A network of ditches dug in the Middle Ages has allowed farmers in the hillside hamlet of Letur in southern Spain to grow olive trees, tomatoes and onions in one of Europe’s most arid regions for centuries. Now the punishing drought that’s spreading across the continent is threatening even this ancient oasis.
The intricate system has kept the village’s land moist and cool through wars, foreign invasions and natural disasters. But the 200 farmers that rely on it are starting to worry for the first time as water levels at many of Spain’s giant dams sink to unprecedented lows and canals built in the 1970s that turned the surrounding region into an agricultural powerhouse start to run dry.
If the drought goes on much longer, Luis López, a 43-year-old olive farmer, fears that industrial farms nearby that use the modern irrigation system to grow water-intensive crops such as lettuce and watermelon might start tapping into Letur’s well-preserved supply.

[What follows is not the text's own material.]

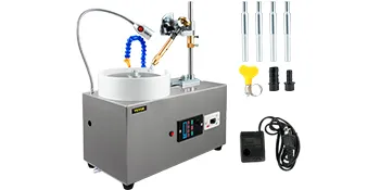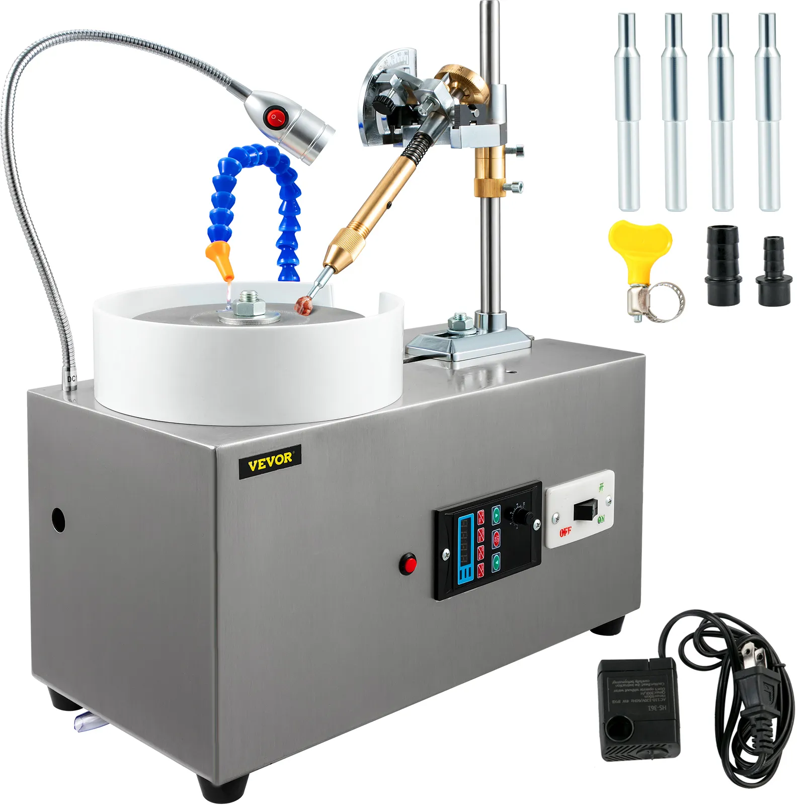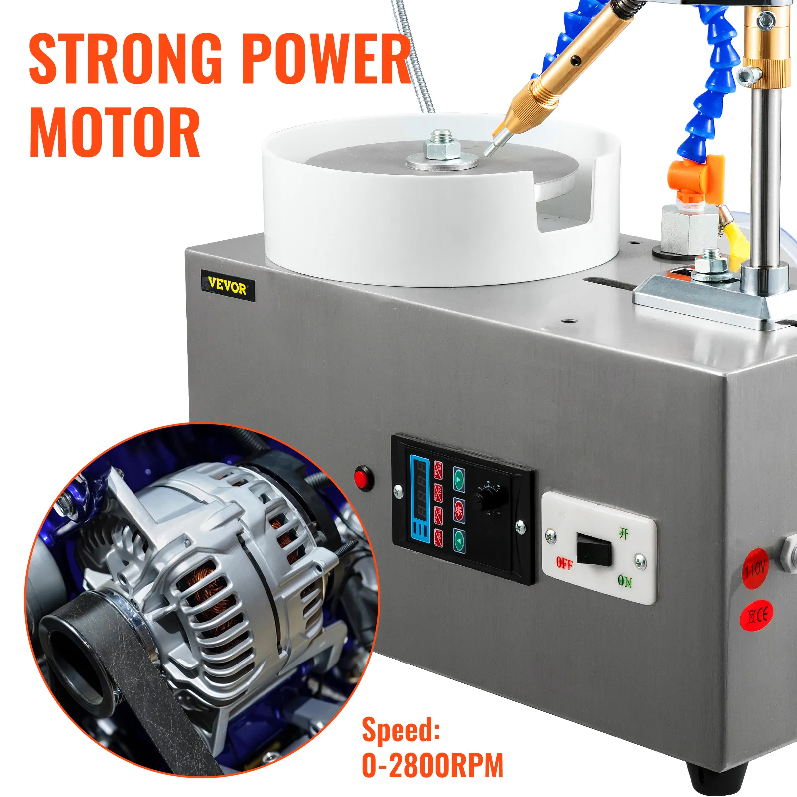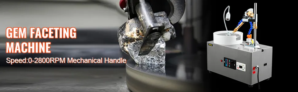 La máquina pulidora está hecha de metal de alta calidad y es duradera. La velocidad es de hasta 2800 rpm. El manipulador se puede operar en múltiples ángulos y se puede ajustar hacia arriba y hacia abajo; la operación es flexible y conveniente. La máquina cortadora de gemas es adecuada para esmerilar y pulir.

“I feel like we are the last Gaul village in the Astérix comic strip,” said López, referring to the fictional character’s hometown that was the last to resist the Romans. “I’m worried that once they run out of water they will come for ours.”

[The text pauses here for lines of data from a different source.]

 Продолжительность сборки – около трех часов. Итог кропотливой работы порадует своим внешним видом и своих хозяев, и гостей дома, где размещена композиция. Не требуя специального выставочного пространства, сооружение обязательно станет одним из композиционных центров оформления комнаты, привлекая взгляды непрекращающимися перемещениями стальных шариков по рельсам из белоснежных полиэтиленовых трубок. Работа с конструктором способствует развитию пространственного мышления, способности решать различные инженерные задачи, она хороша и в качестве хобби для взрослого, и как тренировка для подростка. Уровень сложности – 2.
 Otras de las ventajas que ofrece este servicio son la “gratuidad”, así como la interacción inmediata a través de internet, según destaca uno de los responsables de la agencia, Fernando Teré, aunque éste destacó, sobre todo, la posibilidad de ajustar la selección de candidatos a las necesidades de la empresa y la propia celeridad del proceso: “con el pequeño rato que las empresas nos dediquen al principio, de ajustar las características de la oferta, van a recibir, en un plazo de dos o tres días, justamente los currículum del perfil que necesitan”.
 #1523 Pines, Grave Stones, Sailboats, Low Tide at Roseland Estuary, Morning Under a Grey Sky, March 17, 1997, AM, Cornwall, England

Home to the European Union’s only desert, Spain has experienced drought more severely, and for longer, than the bloc’s other major economies. Its proximity to Africa puts it straight in the path of hot air currents as they make their way northwards from the Sahara desert. But the heat doesn’t stop in Spain; hotter and drier weather is becoming the norm across Europe. The water battle brewing in Letur is a harbinger of conflicts that will play out elsewhere, and whatever happens to Spain’s farming industry — a major source of groceries for its neighbors — will be felt throughout the region.
“Spain is Europe’s breadbasket and the lack of water there, the lack of agricultural production, is a matter of survival,” said Nathalie Hilmi, an environmental economist at Centre Scientifique de Monaco. “It becomes a financial problem too, because more money needs to be spent finding food.”
Multi-year droughts can be devastating because sectors such as agriculture don’t have time to recover, so impacts pile up season after season, growing exponentially. Spanish olive oil production — which accounts for 45% of the world’s supply — will likely be more than halved this season, while grains such as wheat and barley are projected to fall by as much as 60%, according to Gabriel Trenzado, director of Cooperativas Agro-alimentarias de España, a farming industry group.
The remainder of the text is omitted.